Interoperability between devices, systems and applications is important for several reasons:

• Industry-changing activities such as distributed energy resources (DER), microgrids and advanced demand response (ADR) require disparate field devices to work together remotely with little delay.
• It is key to the operation of a more efficient, cost-effective and secure grid. Successful interoperability allows utilities to leverage existing grid network infrastructure and underutilized assets.
• It reduces the effort in device configuration, management and commissioning.
• The expected and growing implementation of DER and microgrids will require distributed analytics and operations. Equipment and application interoperability will gradually reduce the hidden costs and inefficiencies with siloed, single-function solutions through the use of an OpenFMB.

What is OpenFMB?

OpenFMB is a reference architecture and framework for allowing distributed intelligent nodes to interact with each other. These nodes manage distributed resources that communicate via common semantics and federate data locally for control and reporting. The benefits of OpenFMB include:

1. Supports field-based applications that enable scalable peer-to-peer publish/subscribe architecture using distributed logic as well as centralized logic.
2. Data-centric rather than device-centric communication including support for harmonized system and device data.
3. Reduces latency and creates distributed intelligence opportunities to manage local grids in the most efficient way based on local resources and conditions.
4. Enables grid devices to speak to each other, e.g. meters, relays, inverters, cap bank controllers, etc.
5. Allows legacy equipment to be retrofitted for new capabilities, features, and extended life.
6. Facilitates data integration across previously siloed domains within the utility. Standards for OpenFMB are being developed through SGIP, and led by utilities (largest IOU, Muni and Co-op) based on their priorities and interoperability demonstration experience. It is important to the utility industry for several reasons:
   • Accuracy: Provides accurate control and alleviates intermittency of distributed energy resources
   • Scalability: Provides the ability to scale independently, as needed, without needing a system wide rollout
   • Reduced Costs: Takes cost out of the business by reducing integration time and effort
   • Security: A distributed grid is more resilient and can be made more secure

Duke Energy is proud to be an innovator and participant in SGIP with the development of OpenFMB standards. The results of these efforts are in operation at our Mount Holly facility.

Mount Holly Use Cases

The OpenFMB framework supports a variety of business cases that require a high-performing and secure field bus to interconnect field devices in peer-to-peer networks as well as existing field device to central control centers. The following are the initial use cases being tested at the Mount Holly facility: 

Microgrid Optimization Use Case

When the microgrid operation is in either grid-connected or islanded mode, optimal schedules are needed to be generated and dispatched to the active distributed energy resources and other controllable load assets. The optimization algorithms utilize inputs from weather, time-of-use rates, interchange requirements and emission targets to influence its short-term and long-term forecasts of its available resources on the microgrid. These microgrid dispatch schedules can be integrated into the back-office SCADA (supervisory control and data acquisition) systems (i.e. EMS, DMS) and administered by its utility operators. 

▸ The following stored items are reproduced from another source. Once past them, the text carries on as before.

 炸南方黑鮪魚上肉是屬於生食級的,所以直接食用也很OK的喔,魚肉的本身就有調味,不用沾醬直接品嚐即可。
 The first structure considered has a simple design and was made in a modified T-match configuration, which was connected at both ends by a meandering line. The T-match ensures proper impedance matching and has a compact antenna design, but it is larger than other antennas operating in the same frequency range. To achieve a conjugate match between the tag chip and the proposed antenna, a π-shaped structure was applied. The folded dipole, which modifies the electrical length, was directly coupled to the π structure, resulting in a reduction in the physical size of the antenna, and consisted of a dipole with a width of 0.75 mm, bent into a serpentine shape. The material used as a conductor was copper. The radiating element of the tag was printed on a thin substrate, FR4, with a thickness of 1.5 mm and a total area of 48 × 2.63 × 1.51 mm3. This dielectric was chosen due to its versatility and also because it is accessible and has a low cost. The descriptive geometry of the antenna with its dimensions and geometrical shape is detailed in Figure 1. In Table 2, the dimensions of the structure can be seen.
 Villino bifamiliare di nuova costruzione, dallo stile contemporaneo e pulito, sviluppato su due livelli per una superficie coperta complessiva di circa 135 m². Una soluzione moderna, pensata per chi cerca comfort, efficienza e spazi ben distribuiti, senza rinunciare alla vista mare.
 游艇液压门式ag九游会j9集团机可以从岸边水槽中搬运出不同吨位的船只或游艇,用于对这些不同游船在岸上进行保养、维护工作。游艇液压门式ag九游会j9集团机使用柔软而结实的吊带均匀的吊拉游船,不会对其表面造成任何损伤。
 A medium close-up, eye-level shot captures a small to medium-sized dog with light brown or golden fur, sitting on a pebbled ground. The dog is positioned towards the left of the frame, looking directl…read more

Unscheduled Islanding Transition Use Case 

In order to ensure a seamless transition from grid-connected to islanded mode of the microgrid when the state change is unplanned, the triggering event (i.e. grid outage, security event, grid stability issue) must be detected by intelligence at the point of coupling (PCC) to initiate the island recloser (or switch) to open and start the use case. Upon the abrupt opening of the recloser at the PCC, the battery inverter will receive the open status message and automatically switch the battery system from current source mode to voltage source mode. Additionally, the microgrid optimization application and the back-office SCADA systems will receive the PCC’s open status and battery’s voltage source mode notifications to update their models and confirm the successful unscheduled island transition operation. 

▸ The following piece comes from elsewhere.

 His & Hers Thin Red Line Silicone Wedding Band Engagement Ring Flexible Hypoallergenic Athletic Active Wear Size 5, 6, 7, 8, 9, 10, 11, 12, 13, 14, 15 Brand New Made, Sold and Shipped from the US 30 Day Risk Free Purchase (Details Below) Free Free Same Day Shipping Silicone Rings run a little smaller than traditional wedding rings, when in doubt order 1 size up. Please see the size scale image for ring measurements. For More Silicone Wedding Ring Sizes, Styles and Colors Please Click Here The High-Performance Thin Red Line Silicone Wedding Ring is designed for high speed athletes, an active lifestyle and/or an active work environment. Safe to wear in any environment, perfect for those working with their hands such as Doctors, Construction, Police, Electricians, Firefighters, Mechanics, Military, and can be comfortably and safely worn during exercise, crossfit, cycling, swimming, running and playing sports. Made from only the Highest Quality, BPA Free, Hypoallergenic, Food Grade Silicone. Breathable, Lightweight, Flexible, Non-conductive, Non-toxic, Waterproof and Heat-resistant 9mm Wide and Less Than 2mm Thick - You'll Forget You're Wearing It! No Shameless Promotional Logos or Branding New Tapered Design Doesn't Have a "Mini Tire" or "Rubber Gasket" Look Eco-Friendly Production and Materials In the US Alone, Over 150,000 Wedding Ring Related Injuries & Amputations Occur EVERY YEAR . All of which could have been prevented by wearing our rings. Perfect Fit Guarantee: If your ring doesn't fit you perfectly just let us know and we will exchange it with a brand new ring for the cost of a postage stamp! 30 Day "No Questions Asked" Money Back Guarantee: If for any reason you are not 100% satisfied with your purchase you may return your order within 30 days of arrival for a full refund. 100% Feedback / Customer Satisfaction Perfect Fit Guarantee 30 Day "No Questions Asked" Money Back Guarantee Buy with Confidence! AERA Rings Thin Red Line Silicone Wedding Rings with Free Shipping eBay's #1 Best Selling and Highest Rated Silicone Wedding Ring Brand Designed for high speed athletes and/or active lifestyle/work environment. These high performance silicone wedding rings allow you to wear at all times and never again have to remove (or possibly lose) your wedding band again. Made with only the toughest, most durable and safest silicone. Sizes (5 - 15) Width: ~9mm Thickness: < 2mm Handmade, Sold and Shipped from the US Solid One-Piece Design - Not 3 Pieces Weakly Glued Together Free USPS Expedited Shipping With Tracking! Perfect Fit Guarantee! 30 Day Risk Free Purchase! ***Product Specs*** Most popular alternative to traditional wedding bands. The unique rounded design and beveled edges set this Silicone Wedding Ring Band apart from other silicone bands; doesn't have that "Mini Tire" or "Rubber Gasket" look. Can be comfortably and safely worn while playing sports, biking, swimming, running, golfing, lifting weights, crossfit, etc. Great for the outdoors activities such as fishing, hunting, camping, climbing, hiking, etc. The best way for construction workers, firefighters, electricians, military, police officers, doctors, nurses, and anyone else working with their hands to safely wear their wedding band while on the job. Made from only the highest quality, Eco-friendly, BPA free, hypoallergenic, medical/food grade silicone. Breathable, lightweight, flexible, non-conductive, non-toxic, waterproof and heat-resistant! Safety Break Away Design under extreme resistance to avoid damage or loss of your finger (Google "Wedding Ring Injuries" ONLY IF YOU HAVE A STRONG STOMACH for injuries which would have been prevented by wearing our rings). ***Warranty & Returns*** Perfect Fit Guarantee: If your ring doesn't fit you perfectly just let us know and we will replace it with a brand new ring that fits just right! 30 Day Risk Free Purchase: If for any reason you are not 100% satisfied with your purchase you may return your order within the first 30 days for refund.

Island to Grid Connected Transition Use Case

This scenario deals with successfully resynchronizing and safely reconnecting the operating microgrid island back to the main power grid without a black start condition. Distributed intelligence within the battery energy storage system must choreograph its dispatching resources on the microgrid to balance the voltage, frequency and phase-angle performance of the main power system. Upon power being restored to the main grid and permission granted from the back-office SCADA systems and/or utility operator, the island recloser (or switch) will initiate the synch-check activity, which will only close and reconnect the PCC to the main grid when sufficient conditions are met. Following successful reconnection, the battery inverter is returned to current source mode, the back-office SCADA systems receive the status updates, and the microgrid optimization application is reinitiated with its changed state.